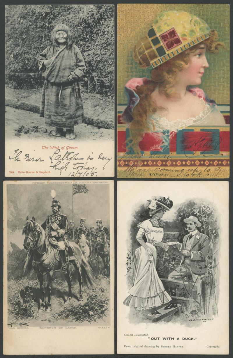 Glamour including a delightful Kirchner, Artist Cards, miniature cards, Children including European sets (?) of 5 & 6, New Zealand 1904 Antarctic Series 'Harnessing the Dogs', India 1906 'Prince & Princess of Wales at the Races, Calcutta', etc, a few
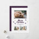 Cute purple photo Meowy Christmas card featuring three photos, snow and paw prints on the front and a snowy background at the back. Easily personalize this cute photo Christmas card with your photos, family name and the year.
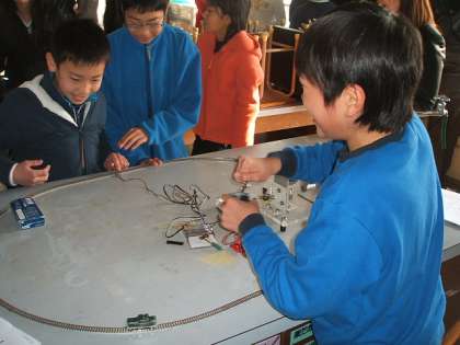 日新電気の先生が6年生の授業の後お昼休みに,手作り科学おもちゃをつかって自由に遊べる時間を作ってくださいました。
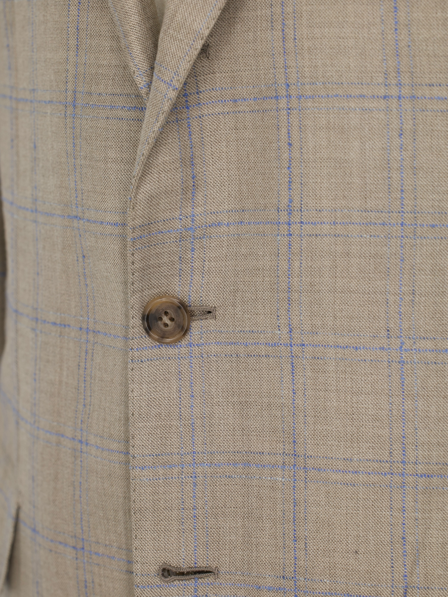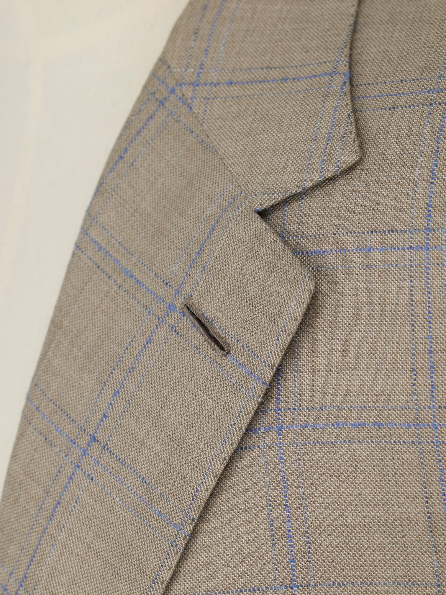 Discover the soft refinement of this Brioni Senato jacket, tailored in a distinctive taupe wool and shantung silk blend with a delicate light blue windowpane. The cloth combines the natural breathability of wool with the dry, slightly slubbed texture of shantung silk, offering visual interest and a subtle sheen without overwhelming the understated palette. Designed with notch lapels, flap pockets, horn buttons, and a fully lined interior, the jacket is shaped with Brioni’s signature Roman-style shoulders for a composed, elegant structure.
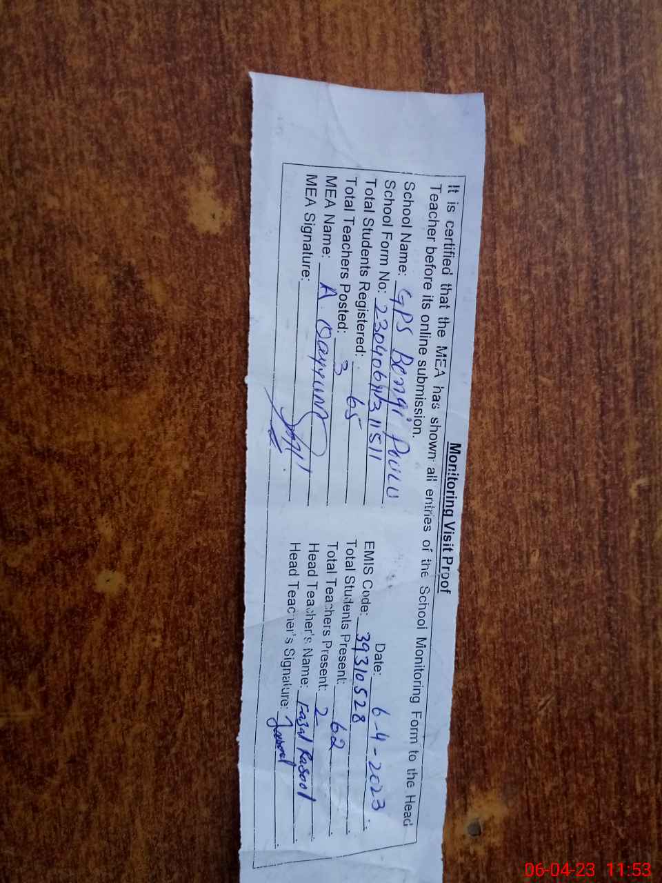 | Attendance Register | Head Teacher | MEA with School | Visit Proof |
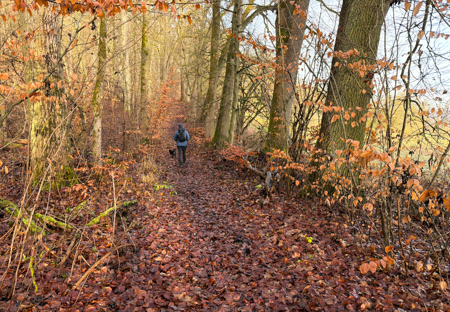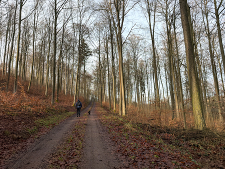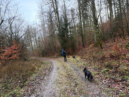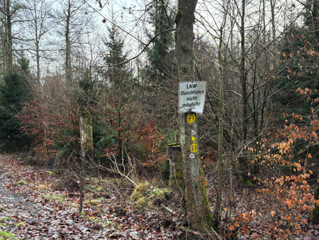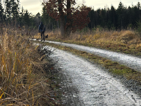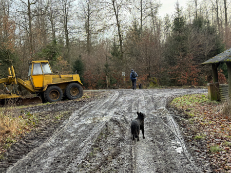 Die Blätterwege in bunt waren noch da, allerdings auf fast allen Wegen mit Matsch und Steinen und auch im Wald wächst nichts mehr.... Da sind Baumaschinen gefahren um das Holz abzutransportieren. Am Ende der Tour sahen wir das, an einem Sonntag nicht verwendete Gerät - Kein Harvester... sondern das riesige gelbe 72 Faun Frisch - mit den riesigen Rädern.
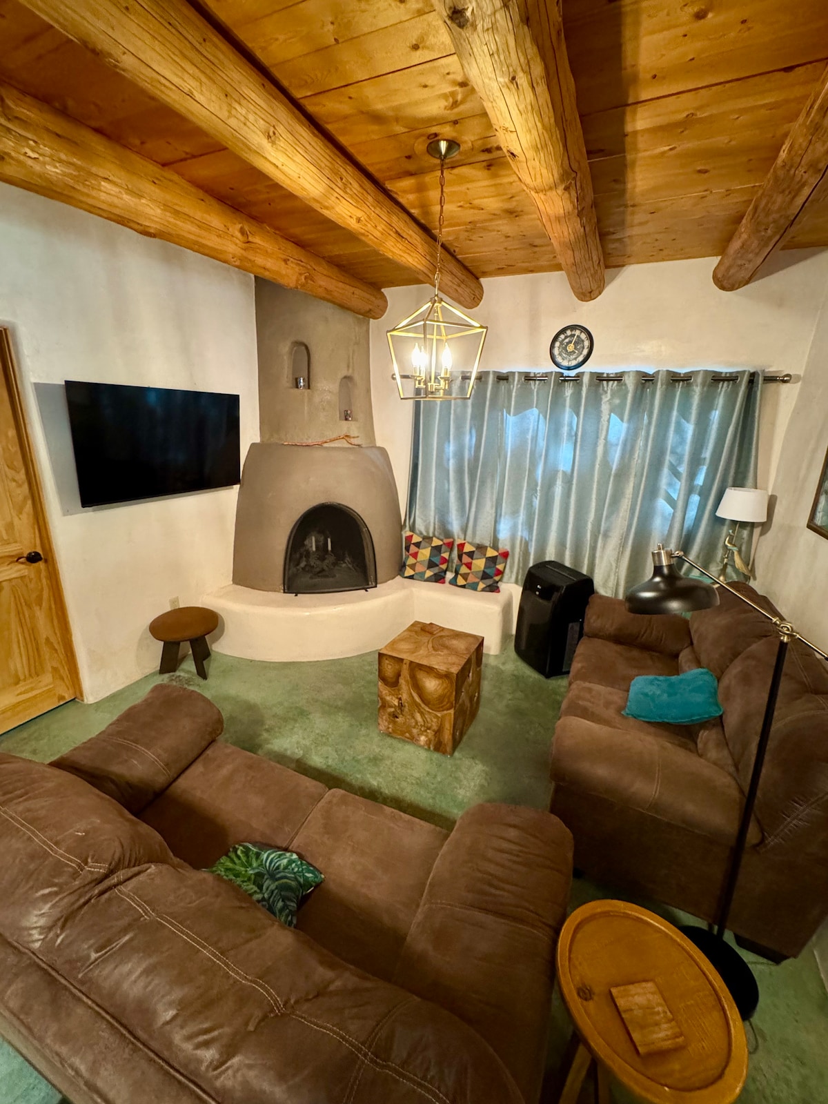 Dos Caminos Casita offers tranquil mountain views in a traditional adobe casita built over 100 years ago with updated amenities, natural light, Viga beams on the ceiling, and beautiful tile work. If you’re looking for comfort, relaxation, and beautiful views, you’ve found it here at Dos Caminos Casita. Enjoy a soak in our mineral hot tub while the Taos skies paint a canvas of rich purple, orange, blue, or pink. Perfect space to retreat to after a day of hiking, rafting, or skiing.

* INSTRUCTIONS TO FOLLOW *
The whole listing, minus its images, should be repeated exactly.

* TASK RESULT *
 Glamour including a delightful Kirchner, Artist Cards, miniature cards, Children including European sets (?) of 5 & 6, New Zealand 1904 Antarctic Series 'Harnessing the Dogs', India 1906 'Prince & Princess of Wales at the Races, Calcutta', etc, a few
 Cute purple photo Meowy Christmas card featuring three photos, snow and paw prints on the front and a snowy background at the back. Easily personalize this cute photo Christmas card with your photos, family name and the year.
 日新電気の先生が6年生の授業の後お昼休みに,手作り科学おもちゃをつかって自由に遊べる時間を作ってくださいました。
 Discover the soft refinement of this Brioni Senato jacket, tailored in a distinctive taupe wool and shantung silk blend with a delicate light blue windowpane. The cloth combines the natural breathability of wool with the dry, slightly slubbed texture of shantung silk, offering visual interest and a subtle sheen without overwhelming the understated palette. Designed with notch lapels, flap pockets, horn buttons, and a fully lined interior, the jacket is shaped with Brioni’s signature Roman-style shoulders for a composed, elegant structure.
 | Attendance Register | Head Teacher | MEA with School | Visit Proof |
 Die Blätterwege in bunt waren noch da, allerdings auf fast allen Wegen mit Matsch und Steinen und auch im Wald wächst nichts mehr.... Da sind Baumaschinen gefahren um das Holz abzutransportieren. Am Ende der Tour sahen wir das, an einem Sonntag nicht verwendete Gerät - Kein Harvester... sondern das riesige gelbe 72 Faun Frisch - mit den riesigen Rädern.
 Dos Caminos Casita offers tranquil mountain views in a traditional adobe casita built over 100 years ago with updated amenities, natural light, Viga beams on the ceiling, and beautiful tile work. If you’re looking for comfort, relaxation, and beautiful views, you’ve found it here at Dos Caminos Casita. Enjoy a soak in our mineral hot tub while the Taos skies paint a canvas of rich purple, orange, blue, or pink. Perfect space to retreat to after a day of hiking, rafting, or skiing.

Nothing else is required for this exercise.